Одлян, или Воздух свободы - [47]
В глазах Малика были слезы. Если в отряде он еще сдерживал их, то в тамбуре он им дал волю.
Глаз стоял и слушал, как на второй площадке плачет Малик. Глаз вышел на улицу, сел на лавочку и закурил.
За три года, проведенных в Одляне, Малику порядком отбили грудянку. И вот теперь ему надо освобождаться, а он не идет. Ему тяжело покидать Одлян, ему хочется побыть в Одляне еще с часок и поплакать. Надо еще немного побыть здесь — просит душа Малика, и он остается на площадке второго этажа.
Дежурный помощник начальника колонии приказал активу найти Малика и послать на вахту. Его же выпускать надо.
Только один Глаз знал, где Малик, но молчал.
Прошло около часа. Кто-то из воспитанников нашел Малика. Дпнк поднялся на площадку и сказал:
– Маликов, ну хватит, пошли,
Малик вытер рукавом слезы и медленно стал спускаться.
Дпнк шел рядом с Маликом и дружески хлопал его по плечу.
Арон Фогель пришел в колонию вместе с Глазом.
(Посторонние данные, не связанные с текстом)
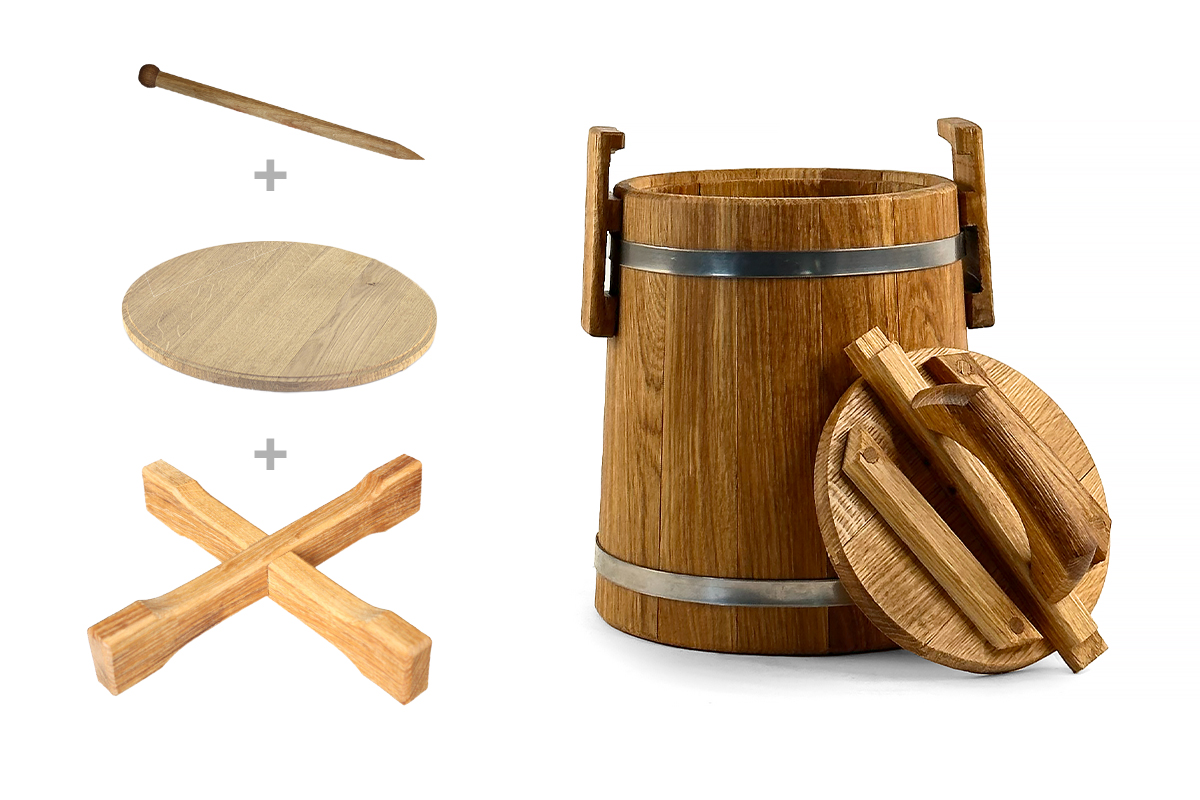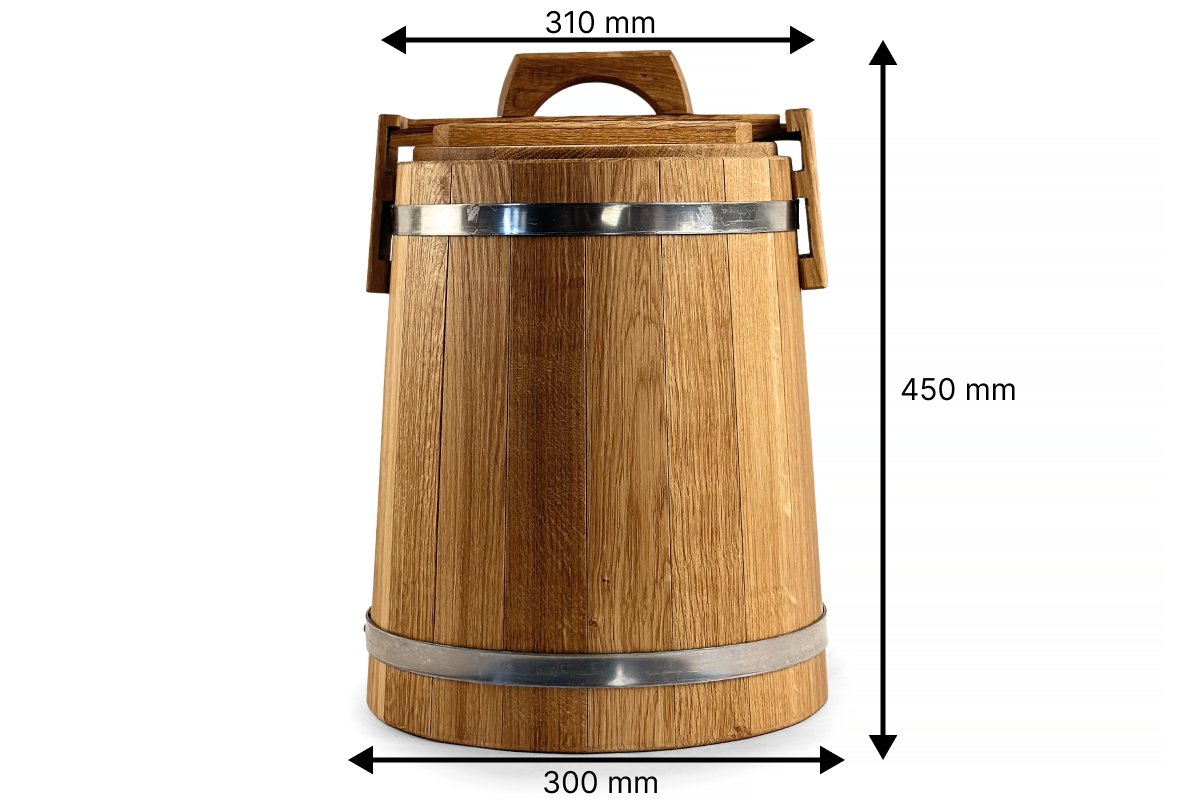 Objevte kouzlo tradičního konzervování s dubovou kádí o objemu 15 litrů, ideální pro solení zeleniny, hub, masa, ryb nebo lesních plodů.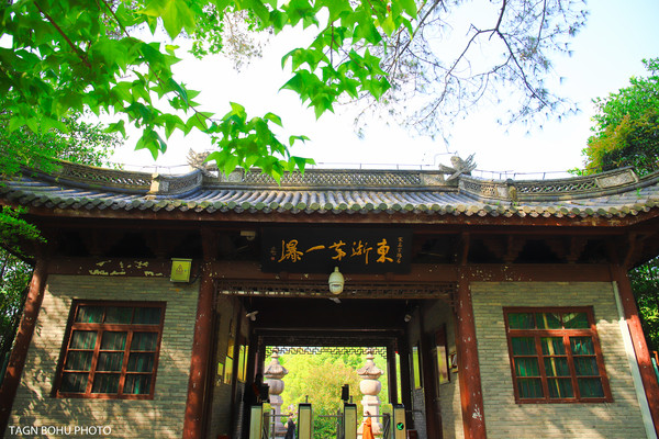 就在雪窦寺旁边有一个景点叫张学良将军第一幽静地景点,之前是雪窦山招待所(中旅社旧址),里面是张将军事迹陈列馆放,也是国家级风景区雪窦山景区的又一新的人文景点。去参观的人还挺多了。其实里面真的是很小的,只有一幢小楼哦,不过景色还是挺不错的,环境优美,樱花盛开。旁边就是雪窦寺。可以看到弥勒佛。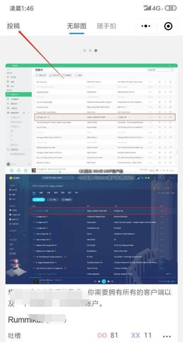 4、然后在手机相册里面选择自己要投稿的图片,共有无聊图和随手拍两种分区。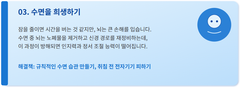 잠을 줄이면 시간을 버는 것 같지만, 뇌는 오히려 큰 손해를 입습니다. 수면 중 뇌는 노폐물을 제거하고 신경 경로를 재정비하는데, 이 과정이 제대로 이뤄지지 않으면 장기적으로 인지력과 정서 조절 능력이 떨어져요. 특히 알츠하이머와 같은 질환과도 연관이 깊습니다.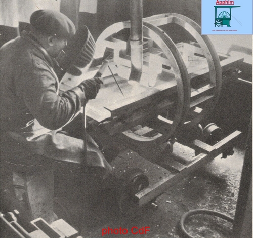 -La soudure : 5 postes de soudure alimentés par un poste central assurent cette fonction. Les bacs sont placés de manière à effectuer une soudure à plat. Les soudures se font à l'arc électrique avec un jeu de gabarits pour permettre un contrôle rapide et efficace. Une cheminée équipe le poste.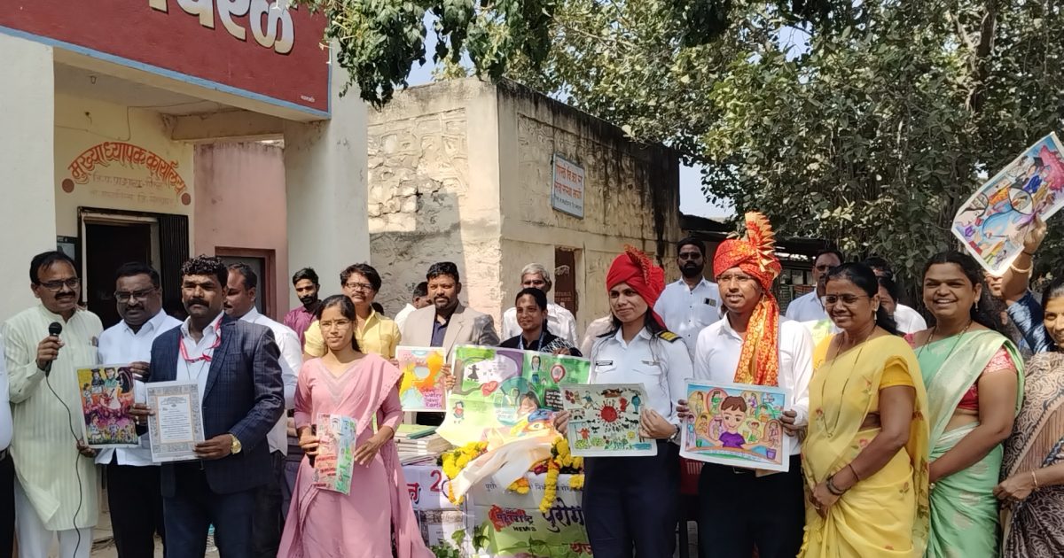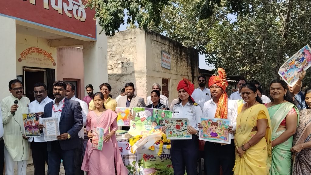 याप्रसंगी विस्ताराधिकारी कादर शेख,मुख्याध्यापक मंदाकिनी सुतार मॅडम,दादासाहेब साळवे सर, सरपंच अमोल शिंदे, मोहन पवार,अध्यक्ष आशा बुधावले, प्रशांत खरात,विश्वास बनकर,दत्ता कांबळे,सचिन झेंडे, हनुमंत धाइंजे, तसेच शिक्षक स्टाफ विद्यार्थी ग्रामस्थ मोठ्या संख्येने उपस्थित होते.सूत्र संचालन हनुमंत फुले सर यांनी केले.कार्यक्रमाचे आयोजन पुरोगामी महाराष्ट्र परिवाराचे प्रमुख प्रमोद शिंदे यांनी केले.कार्यक्रम यशस्वी होण्यासाठी हनुमंत फुले सर संजय ढवळे सर,मीना शेंडगे मॅडम,अमोल खरात सर,पाटील सर, शिंदे मॅडम, फुले मॅडम सर्व शिक्षक स्टाफ यांनी परिश्रम घेतले.

Вел он себя робко, и его большие черные глаза таили в себе страх. Арона часто приглашали в воспитательскую. А воспитатели прямо-таки вокруг него крутились: если они сталкивались с ним в коридоре или на улице, то обязательно перекидывались хотя бы несколькими словами и улыбались. И Фогель всегда краснел. Он не ходил в наряды на столовую, и бугор его не дуплил. Но где бы Глаз ни сталкивался с Фогелем, он всегда видел в его больших черных глазах затаившийся страх.
5
Глаз решил ударить себя ножом на производстве, а сказать, что ударил парень. «Я скажу, что плохо его запомнил. Как увидел перед собой нож — напугался. Так что виновного не будет, а меня положат в больничку. С месяц хоть поваляюсь», — думал он.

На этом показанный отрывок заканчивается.